はじめに
ニュースや報道でよく耳にする「重傷」「軽傷」「重症」という言葉。
一見すると似た意味に感じますが、実は使われる場面や基準がまったく異なります。
「全治◯か月の重傷」「命に別状はない軽傷」などと聞いて、その違いを正確に説明できる人は意外と少ないかもしれません。
この記事では、
- 重傷と軽傷の区別の仕方
- 重症との違い
- ニュースでの使われ方
を、誤解のないよう整理して解説します。

重傷と軽傷の基準とは?
重傷・軽傷は「ケガ(外傷)」に使われる言葉
「重傷」「軽傷」は、主に事故や暴力などによるケガに対して使われる表現です。
医学的な正式分類というより、警察発表や報道で使われる実務的な区分です。
判断の目安は「全治までの期間」
一般的に、以下の基準が使われています。
- 軽傷:全治30日未満
- 重傷:全治30日以上
この「全治日数」は、医師が作成する診断書に記載された治療見込み期間をもとに判断されます。

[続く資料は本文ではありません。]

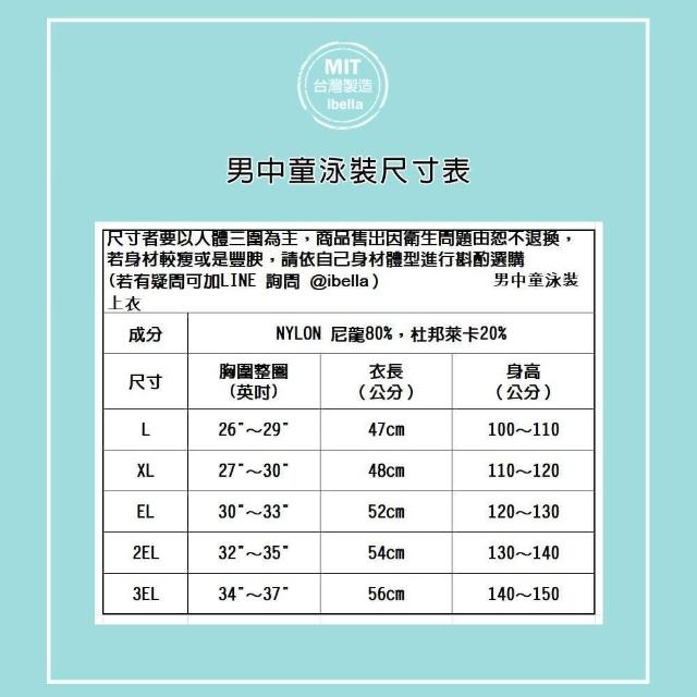 ibella 艾貝拉現貨加大男中童萊卡運動風立領長袖泳衣水母衣台灣製36-8H21602A-19只售上衣加大中童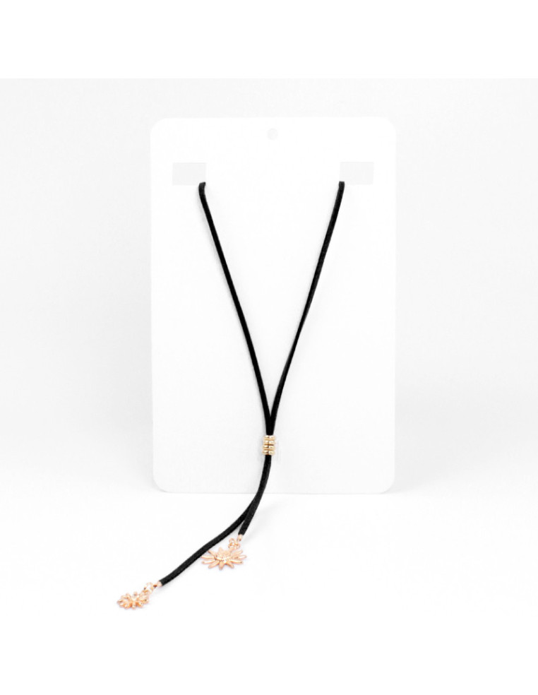 Collar de doble gamuza con dijes terminales en punteras. Medidas 39cm, caídas de 7 y 12cm de largo, ajustable con cadena de enganche de 10cm.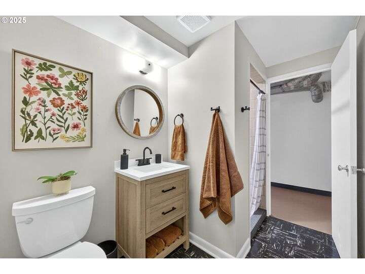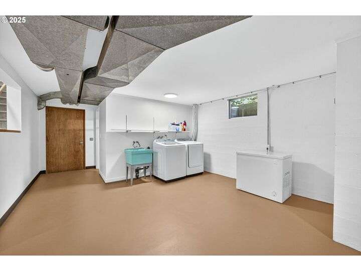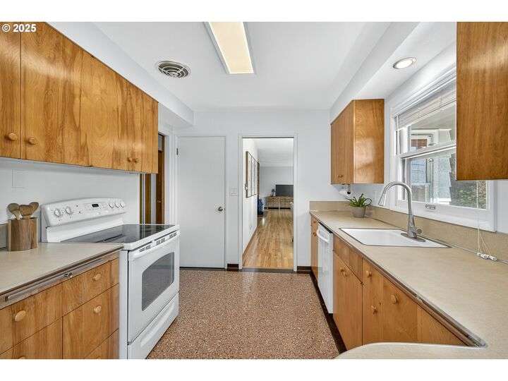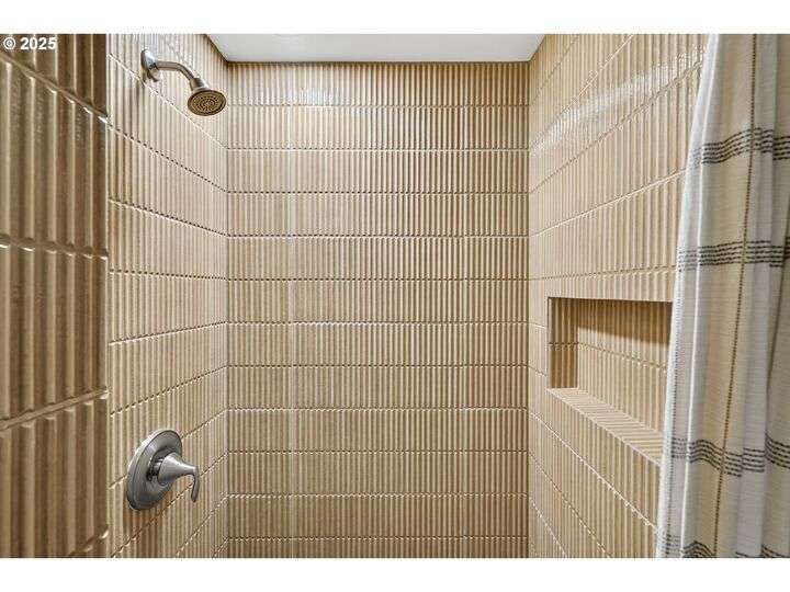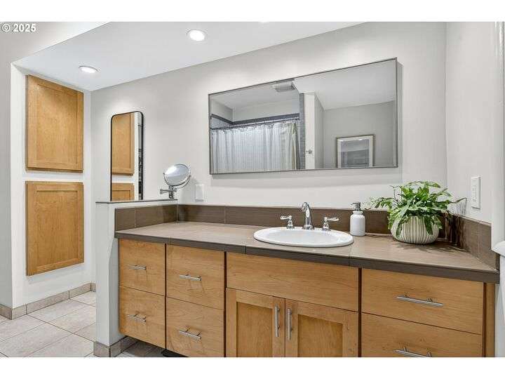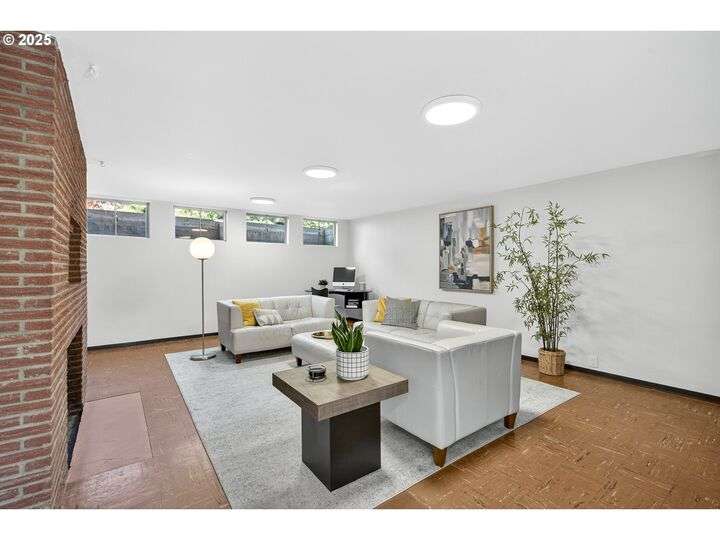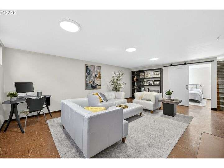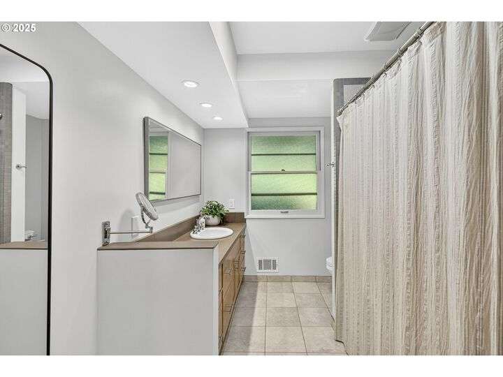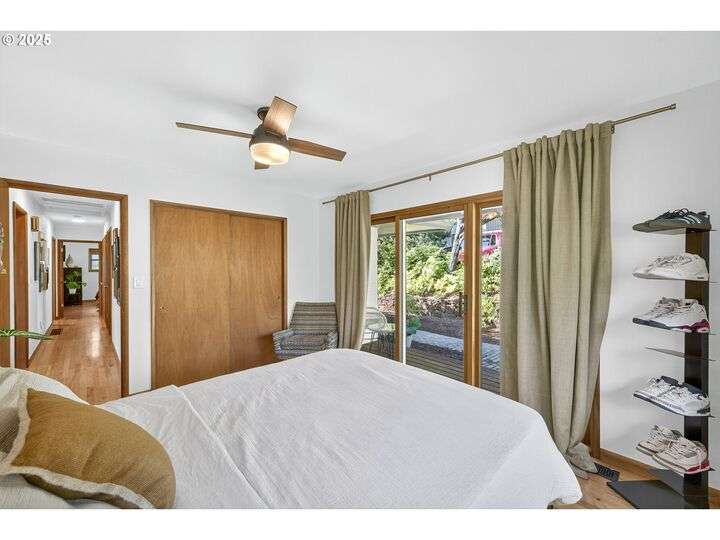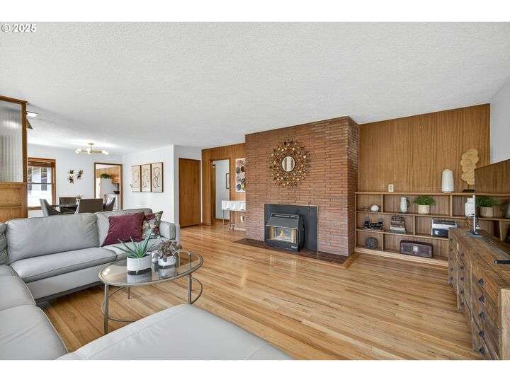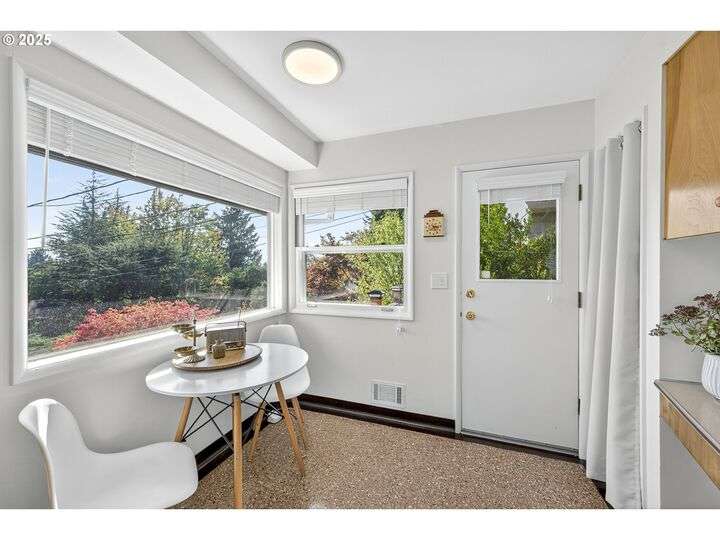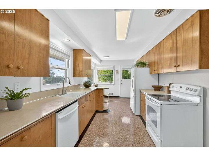 There's so much to love about this mid-century gem in Portland's sought-after Hillsdale neighborhood! Set up off the street, on a corner lot w/ beautiful, mature landscaping on all sides, this home enjoys great privacy and natural light. The living room is unlike any other. It's incredibly spacious, w/ fun, mid-century built-ins and design details, beautiful hardwood floors and lots of great, big, picture windows. The floor plan and positioning of this home is pretty perfect, too. The main floor puts living, dining and kitchen at the front of the home with 3 bedrooms and a full bathroom in the back and easy access to the backyard and patio from the kitchen and one of the bedrooms. Every window enjoys attractive views of the mature, variegated landscaping that surrounds the house. The light, bright lower-level has nice, tall ceilings and includes a big family room, 4th bedroom, 2nd full bathroom and great storage. Well cared for over the years, with valuable system improvements and thoughtful updates aligned with mid-century character and design. Recent updates include: lower-level bathroom remodel (incl new plumbing, shower pan, shower tile, and vanity - '25), new main water line ('25), new electric water heater ('24), new electric panel ('24), EV charging outlet ('24), generator outlet ('24), and new sewer line ('22). The backyard features a spacious covered patio off of the kitchen for year-round use and enjoyment, a covered deck off of one of the bedrooms, blueberry bushes, a Japanese nashi pear tree, blooming camellia bushes and so much more! With its super central location, this home enjoys several, quick commute options into downtown, NW, Lake Oswego and Beaverton. OHSU is just up the hill and a network of quiet, forested, nature trails minutes away. [Home Energy Score = 3. HES Report at https://rpt.greenbuildingregistry.com/hes/OR10134883]

そのためニュースでは、「重傷で全治3か月」「軽傷で全治2週間」といった表現が使われるのです。
30日基準は絶対ではない
ただし、この30日という区切りは法律上の厳密な線引きではありません。
- 回復が早まり、全治日数が短くなることもある
- 逆に、経過次第で治療期間が延びることもある
このため、当初は軽傷とされたものが後に重傷扱いになるケースもあります。
あくまで報道や警察発表で使われる目安であり、医学的な重さそのものを完全に表すものではありません。
「重症」とはまったく別の基準
重症・軽症は「病状の深刻さ」を表す言葉
「重症」「軽症」は、ケガではなく病気や容体に使われる言葉です。
こちらは治療期間ではなく、
- 命に関わるか
- 集中治療が必要か
- 意識障害や臓器障害があるか
といった状態の深刻さが基準になります。
具体例
- 全治1週間でも命の危険があれば「重症」
- 全治3か月でも状態が安定していれば「重傷・軽症」
つまり、
- 重傷 ≠ 重症
- 軽傷 ≠ 軽症
という点が非常に重要です。
ニュース報道での使い分け
報道では、次のように使い分けられています。
- 重傷・軽傷
→ 事故・事件のケガ
→ 全治日数が基準 - 重症・軽症
→ 病気・容体
→ 命の危険度が基準
そのため「命に別状はないが重傷」「全治は短いが重症」といった、一見矛盾する表現が生まれるのです。
まとめ
- 重傷・軽傷はケガに対して使われる
→ 全治30日が一つの目安 - 重症・軽症は病気や容体に対して使われる
→ 命の危険度や状態の深刻さが基準 - 30日基準は報道・実務上の目安であり絶対ではない
- 重傷と重症は意味も基準もまったく別
言葉は似ていますが、基準を知るとニュースの見え方が変わります。
混同しやすい用語だからこそ、正しく理解しておきたいですね。